The Craddock-Terry Company was chartered by an order of the Corporation Court of the city of Lynchburg on the [424]*42412th day of November, 1898. On December 17, 1901, the Corporation Court granted the company an amendment to its charter. The charter and this amendment authorized the company to issue stock, all of the same class, not in excess of $500,000. Pursuant to a constitutional mandate (sec. 154), the General Assembly passed an act entitled “An Act Concerning Corporations” (Acts 1902-3-4, p. 437; Code 1919, ch. 147, sec. 3776), which became effective on May 21, 1903. By this act the Corporation Commission was given exclusive authority to issue and amend charters of all corporations. After May 21, 1903, the Craddock-Terry Company applied to the Corporation Commission for and obtained several amendments to its charter. The last amendment was approved by the Corporation Commission on April 26, 1921. Under the charter as amended, the company was authorized to increase its capital stock to $10,-000,000 and to issue preferred stock of three classes, as well as common stock, all shares to be of the par value of $100 each.- The number of shares of the four classes of stock which were outstanding at the time this controversy aróse were:

First Preferred..................12,500

Second Preferred................12,500

Class C Preferred................ 9,956

Common........i..............32,514

The first preferred stock was entitled to cumulative preferential dividends of six per cent, per annum and to “be preferred as to assets in liquidation.” It had certain participating rights in the event dividends on the common stock should exceed $12 per share in any year. After six months’ default in dividends and until all arrears should be paid, this class of stock was entitled to one vote per share on all matters of corporate interest. In addition, it was entitled to the benefit of two protective covenants: (a) That no lien should be placed on the properties of the [425]*425company without providing first for the retirement of the first preferred stock with accumulated dividends; and (b) that no dividends should be paid on the common stock unless capital and surplus should be at least double “the amount of outstanding preferred.”
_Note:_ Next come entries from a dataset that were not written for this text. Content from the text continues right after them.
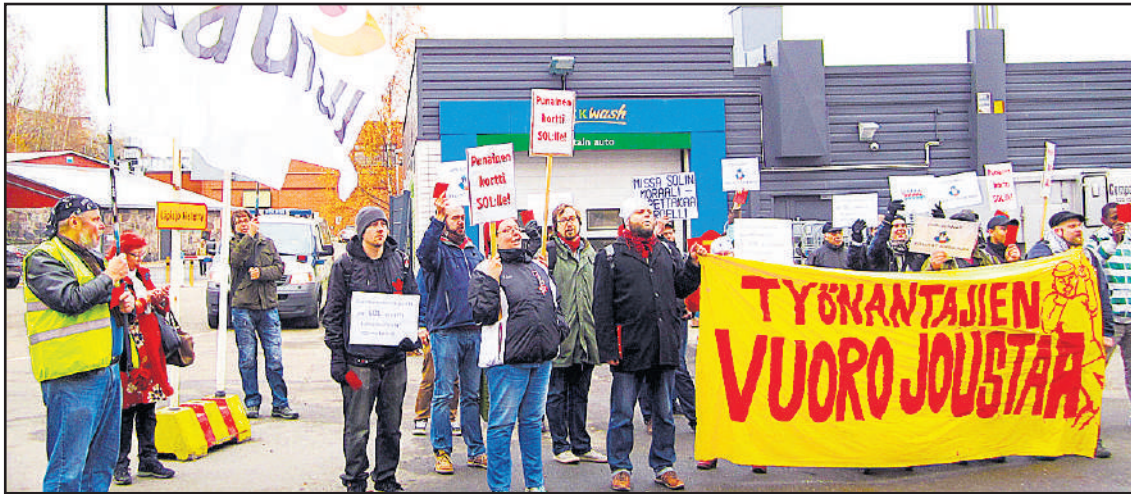
Postin Pasilan osaston nuorisosaasto kävi 6.11. SOL:n luona muistuttamassa työelämän pelisäännöistä.

Työnantajan yritys kaventaa postilaisten oikeuksia ei täysin onnistunut. Muussa tapauksessa olisivat heikennykset voineet ulottua ensi vuoden neuvotteluissa kaikkiin palkansaajiin. Posti - ja logistiikka-alan Unionin jäsenet (PAU) joutuivat työehtoja rajusti heikentävän kokeilun kohteeksi. Onnistuessaan työnantajan olisi ollut helpompi ulottaa vastaavat heikennykset koskemaan kaikkia työehtosopimuksia SSS-hallituksen ja EK:n tavoitteiden mukaisesti. SSS-hallituksen suunnitelmien toteuttamiseksi komennettiin Postin johto asialle. Pyrkimys lienee ollut uusien tuottojen toivossa alistaa Posti yhtiöittämiselle ja "vapaalle" kilpailulle.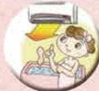
一番お手軽浴室暖房乾燥機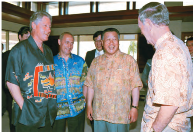
かりゆしウェアを着て懇談する各国首脳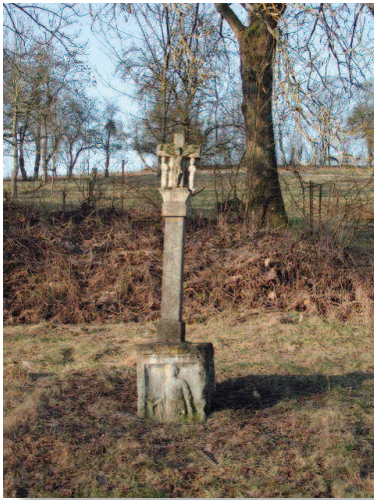
La pierre aux quatre dieux

Pierre datée du III e siècle, la pierre aux quatre dieux est un socle d'un ensemble gallo-romain appelé « les colonnes du cavalier au géant », qui comporte un socle quadrangulaire, une colonne de base octogonale surmontée d'une sculpture ; quatre divinités, Vulcain, Mercure, Hercule et un dieu local y sont représentés.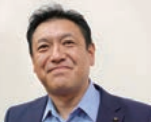
何川 雅彦 議員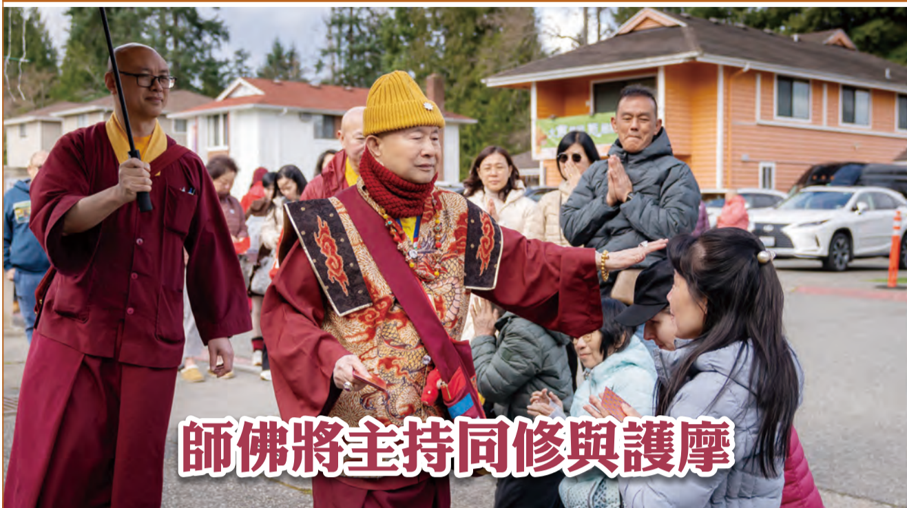
師佛將主持同修與護摩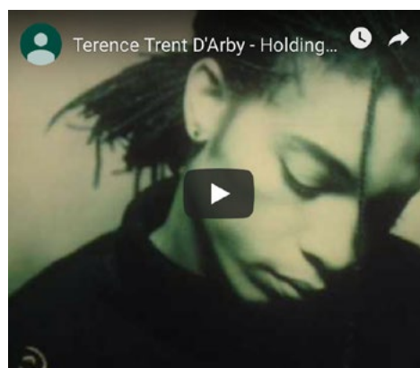
"Holding On To You" – dall'album "Vibrator" (1995)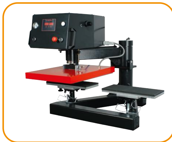
Fig. 3 - Pratos de suporte transversais para mangas e calças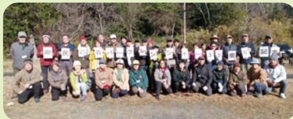
大阪府民の森パークレンジャー 30周年

The second preferred stock, subject to the prior rights of the first preferred, had substantially the same characteristics, including the two protective covenants. The "restriction as to the dividends on the common stock expressly required the capital and surplus to be “double the amount of the outstanding Preferred stock of all issues before any dividend can be paid on the Common stock.”

The class C preferred stock was subject to the prior rights of the first and second preferred. It had substantially the same characteristics, including the two protective covenants. The only difference between class C and the other two preferred classes was that Class C was entitled to a seven per cent, dividend rate and a sinking fund was provided for the retirement of- all of class C preferred stock. The liquidation preference of all three classes of preferred stock was clearly stated to be “preferred as to assets to the extent of the par value thereof, but no further, in the case of the liquidation of the company.”
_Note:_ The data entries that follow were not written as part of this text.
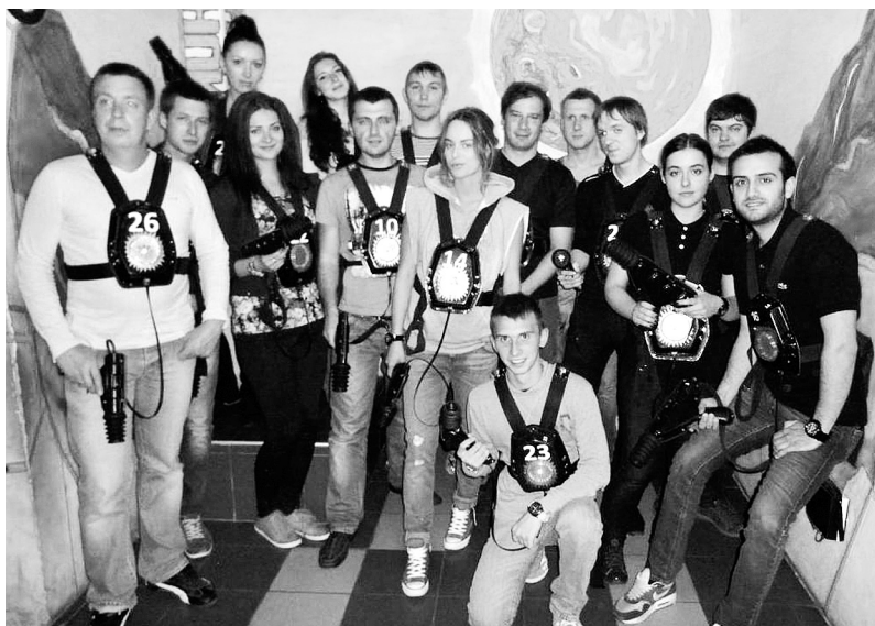
Лазерна гра. Активісти інформаційно-обчислювального центру Одеської залізниці, 2014 рік

МОЛОДІ, ШАСЛИВИ, СИЛЬНІ – МИ У СПІЛЦІ ПРОФЕСІЙНИЙ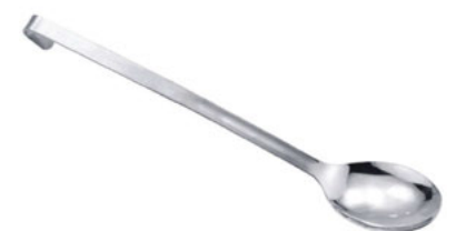
Lžíce servírovací plná

E-62609 310 0,03 392 Kč nerez 18/10, monoblok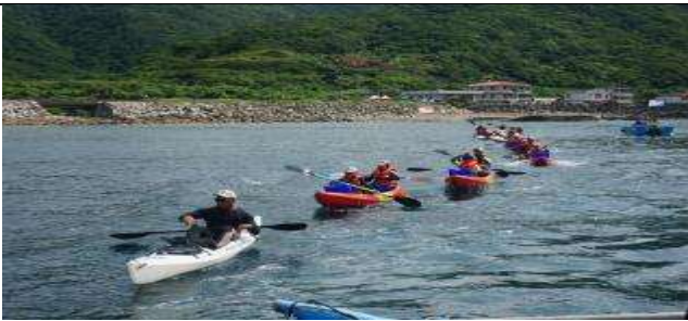
暑期海洋體驗探索夏令營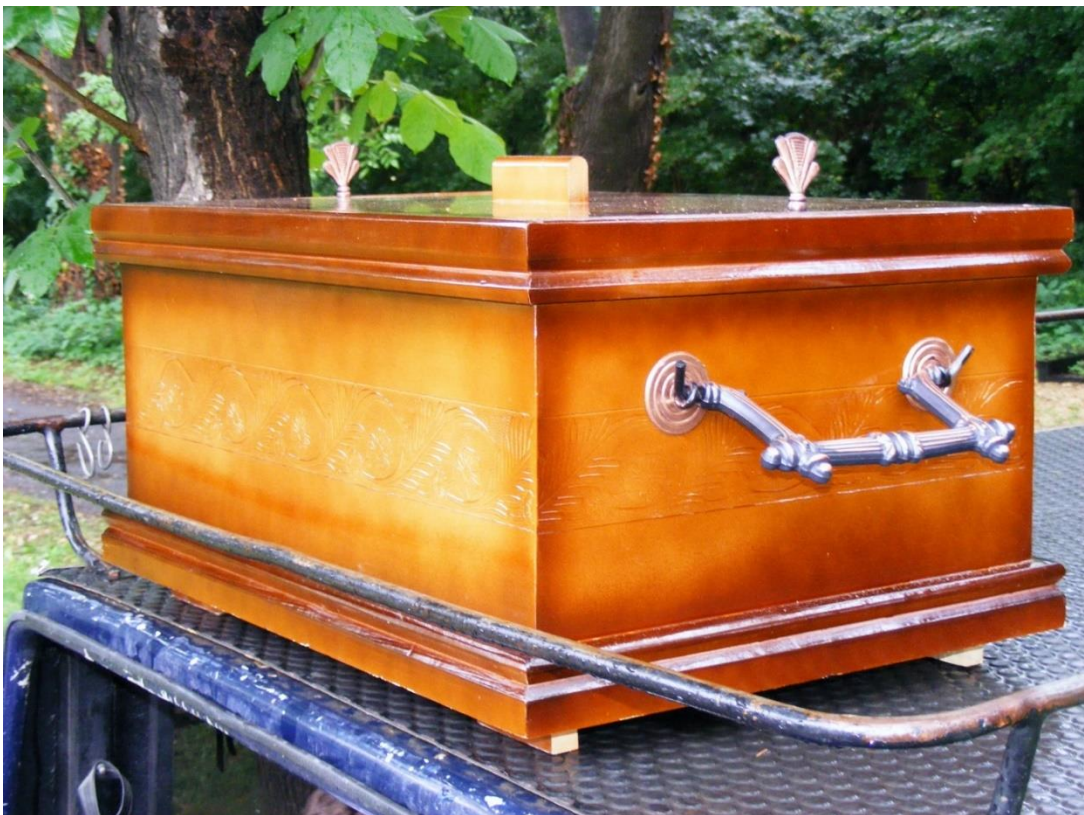
Kosztá József exhumálása a Kerepesi temetőben

The company failed to pay dividends in 1930 and no dividends were paid thereafter. On April 29, 1935, a stockholders’ committee reported that there was a capital deficit of $2,328,070, and that there was $878,768 in unpaid accumulated dividends on the three classes of preferred stock.

A committee of stockholders ascertained that ten or more years would be necessary to make up the capital deficit out of the earnings, and, if no dividends were paid, the amount of dividends at the end of .the 10-year period would be $3,000,000 or more. At the estimated rate of earnings, such accumulated dividends in arrears could never be paid. It was evident that the common stock was valueless. In the report of the committee, it is stated: “The value of these accumulations is highly conjectural. The position of the present common stock as to dividends is even worse. The [426]*426deficit in capital not only falls primarily against that stock, but the common would have to await restoration of the capital deficit from earnings, and then further await the payment from earnings of the present as well as any future accumulations of unpaid dividends on said preferred issues. * * # .
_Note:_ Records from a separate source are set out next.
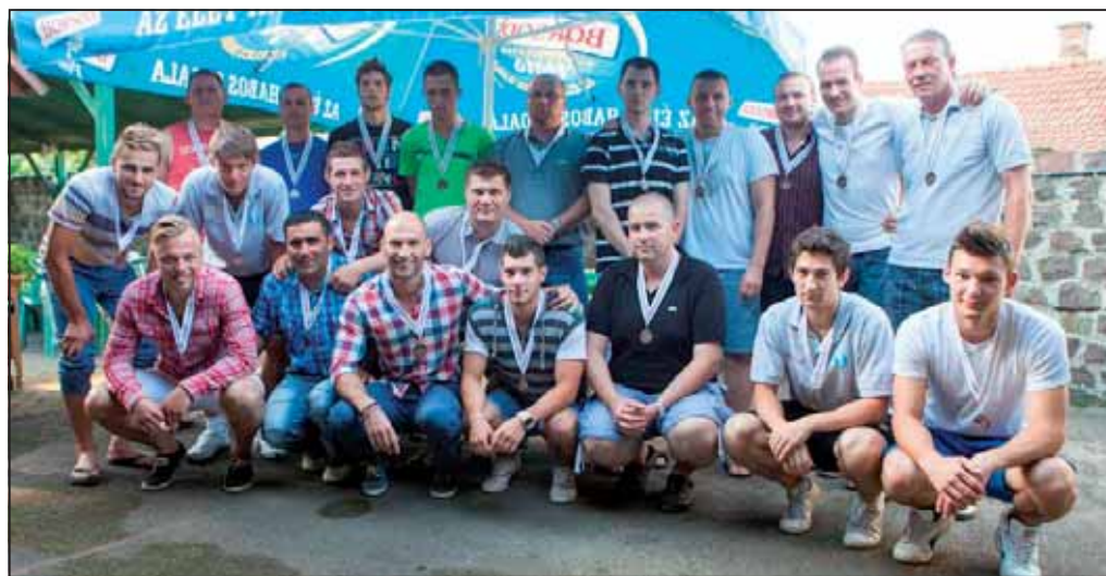
Az éremosztó évszázron készült közös csoportkép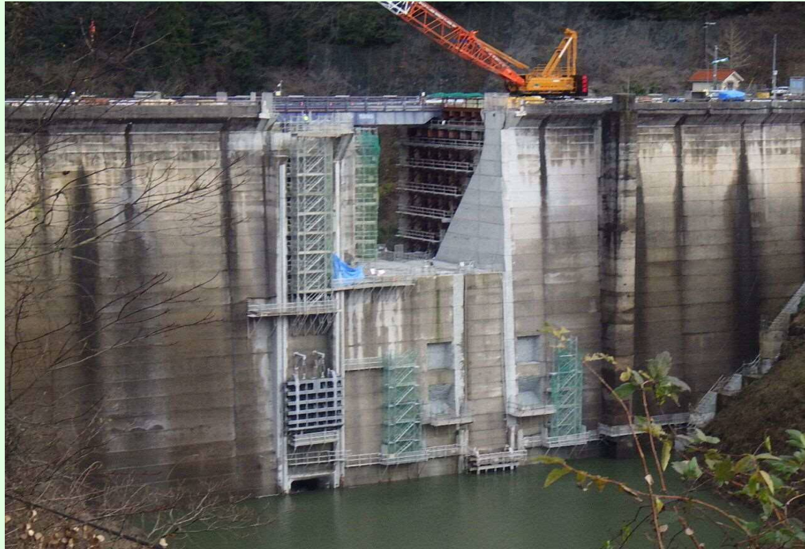
堤頂部既設取壊し状況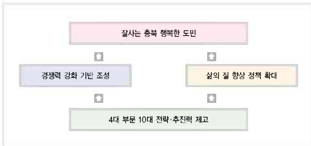
〈그림 1〉 민선4기 충북도정의 비전

「잘사는 충북 행복한 도민」의 비전은 모든 도민들이 경제특별도 건설을 통하여 경제적으로 풍요로운 삶을 영위하고 행복하게 살아가는 지역사회를 건설하는 것이다.

“The prior rights of the present preferred classes in liquidation and their prior rights to dividends from earnings and the aforesaid deficit in capital make the equities of the present common stock of doubtful value.”

A plan was formulated in 1935 for increasing the value of the common and class C preferred stock by the elimination of the accumulated dividends in arrears and by a reduction of the dividend rates. This necessarily would have reduced the value of the rights of the first and second preferred stock. The plan, in its final form, was submitted to the Corporation Commission in 1937. The Commission ruled that such an amendment to the charter could not be made without the unanimous consent of all stockholders. Thereafter, the company continued in business, making small annual reductions in its capital deficit from earnings but paying no dividends. By 1938 the capital deficit had been reduced, by the application of earnings, to $1,977,000, and the accumulated dividends in arrears had increased to $1,647,690. Again ten years was estimated to be the period necessary to ehminate the deficit from earnings. This made it even more obvious that in 1935 that the common stock was worthless and very probably the class C preferred also. These facts were recognized by the board of directors in a letter to all stockholders dated August 1, 1938, in which it was said: “On the basis mentioned, the holders of the Class C Preferred and Common stocks would probably receive no dividends during their lives.”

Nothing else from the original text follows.